América Invertida, Joaquín Torres García, 1943
A white outline of an inverted map on Latin America on a black background. The southern tip is on the top and equator, marked and with the initials JTG 43 signed under, is on the bottom. A line towards the top marks the coordinates of Uruguay, García’s home. On the top left is a drawing of the sun and a sailboat, and on the top right is the moon, stars, and a fish in water, drawn in the artists’s style of “Constructive Universalism,” in his interpretation of art from pre-contact Americas. This piece is also famously described as “nuestro norte es el sur,” or our north is the south, with the cardinal direction S marked at the top of the sketch.
A Special Issue on Disability and Crip Theory in the Global South/Third World in Disability Studies Quarterly (DSQ)
Calls to decolonize disability studies have abounded since the early 2010s. Yet, in scholarly publications and academic programs oriented toward disability studies, and in institutions where disability studies is taught and researched, scholarship on and from the geographical peripheries of the field frequently remains at the margins, as a single article in a special issue, a chapter in a book, or an “additional” reading on a syllabus. As scholars from and of the Global South, through this special issue, we (the editors) hope to bring these developments into productive conversations that re-orient the place of the peripheral within the discipline.
To bridge this gap between disability studies work “here” and “there,” we propose this special issue in the field’s flagship North American journal comprised entirely of work in/with/about the Global South. We call for critical theoretical, historical, literary, sociological, and political engagements with alternate corporealities, solidarities, and dis/identifications in and of these geographies. Put simply, we aim to develop a special issue that makes “peripheral crip critique” impossible to footnote and ignore.

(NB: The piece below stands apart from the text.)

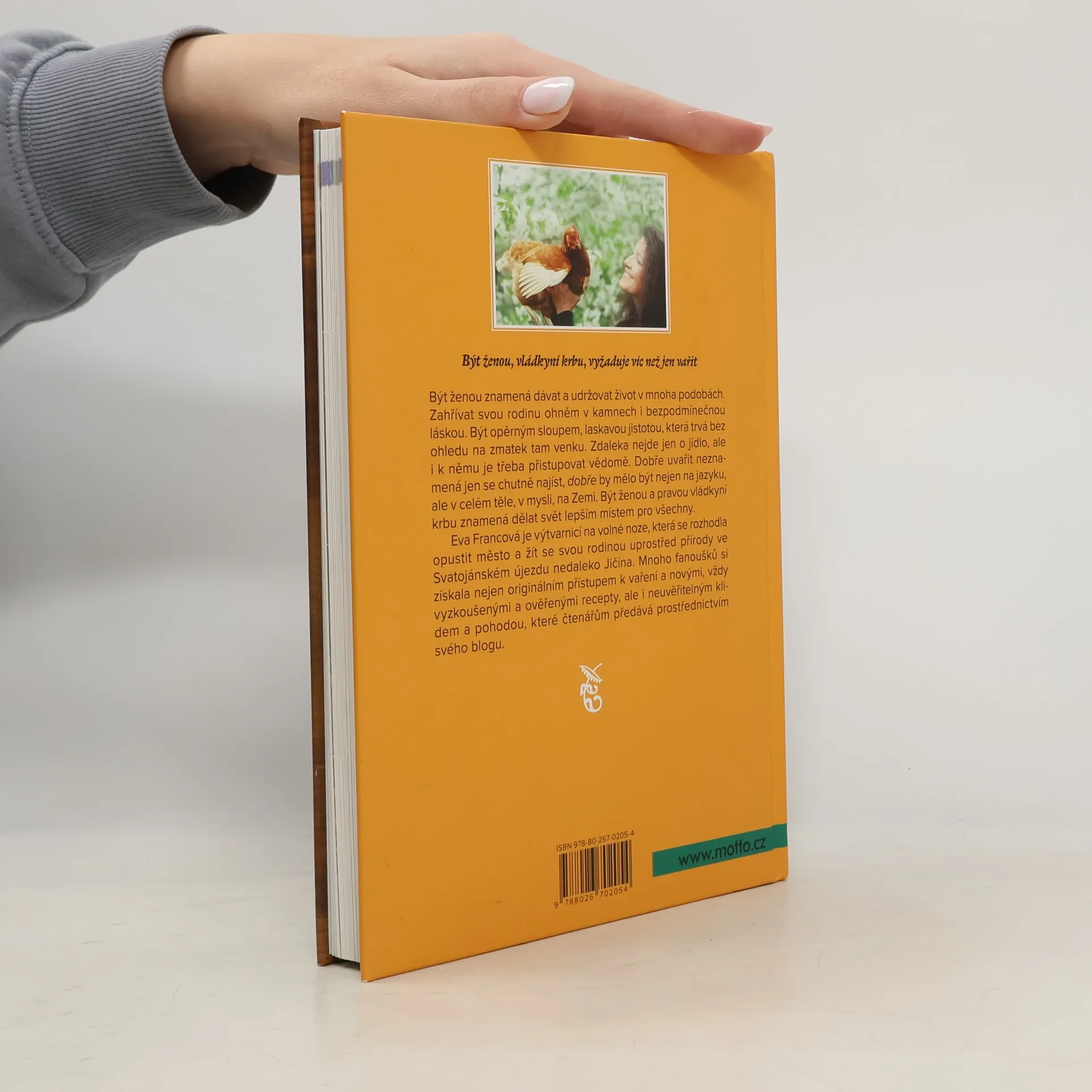 Být ženou, vládkyní krbu, vyžaduje víc než jen vařit. Být ženou znamená dávat a udržovat život v mnoha podobách. Zahřívat svou rodinu ohněm v kamnech i bezpodmínečnou láskou. Být opěrným sloupem, laskavou jistotou, která trvá bez ohledu na zmatek tam venku. Zdaleka nejde jen o jídlo, ale i k němu je třeba přistupovat vědomě. Dobře uvařit neznamená jen se chutně najíst, „dobře“ by mělo být nejen na jazyku, ale v celém těle, v mysli, na Zemi. Být ženou a pravou vládkyní krbu znamená dělat svět lepším místem pro všechny. Eva Francová je výtvarnicí na volné noze, která se rozhodla opustit město a žít se svou rodinou uprostřed přírody ve Svatojánském újezdu nedaleko Jičína. Mnoho fanoušků si získala nejen originálním přístupem k vaření a novými, vždy vyzkoušenými a ověřenými recepty, ale i neuvěřitelným klidem a pohodou, které čtenářům předává prostřednictvím svého blogu.

At a time of immense political, material, and epistemological violence in this complex geography, we seek, with this special issue, to remind disability studies of the complexities of the “rest’s” interactions with the West and to think about whose stories and theories, in number and in knowledge, will shape or foreclose crip futures to come.

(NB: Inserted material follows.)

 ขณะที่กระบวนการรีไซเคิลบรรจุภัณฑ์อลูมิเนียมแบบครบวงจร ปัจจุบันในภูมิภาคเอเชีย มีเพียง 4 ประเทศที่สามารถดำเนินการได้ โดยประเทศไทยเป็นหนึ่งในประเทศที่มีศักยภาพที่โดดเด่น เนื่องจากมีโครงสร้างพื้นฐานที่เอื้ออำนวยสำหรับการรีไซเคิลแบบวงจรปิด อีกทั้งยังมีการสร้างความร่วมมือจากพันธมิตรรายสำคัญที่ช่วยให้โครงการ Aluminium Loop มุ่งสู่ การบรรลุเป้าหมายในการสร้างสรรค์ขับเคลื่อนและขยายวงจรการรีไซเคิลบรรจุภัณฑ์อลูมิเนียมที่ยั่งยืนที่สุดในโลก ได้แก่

We are particularly excited about critical annotated bibliographies of alternative disability studies canons; syllabi for global/regional disability studies; co-written or conversational pieces, especially if transnational or intraregional; letters (of love or complaint) to the field or to scholars; original short stories or fables; political pieces like manifestos, pamphlets, or zines; organizing guides; or responses or reviews of existing canonical texts in Euro- and American-centric disability studies.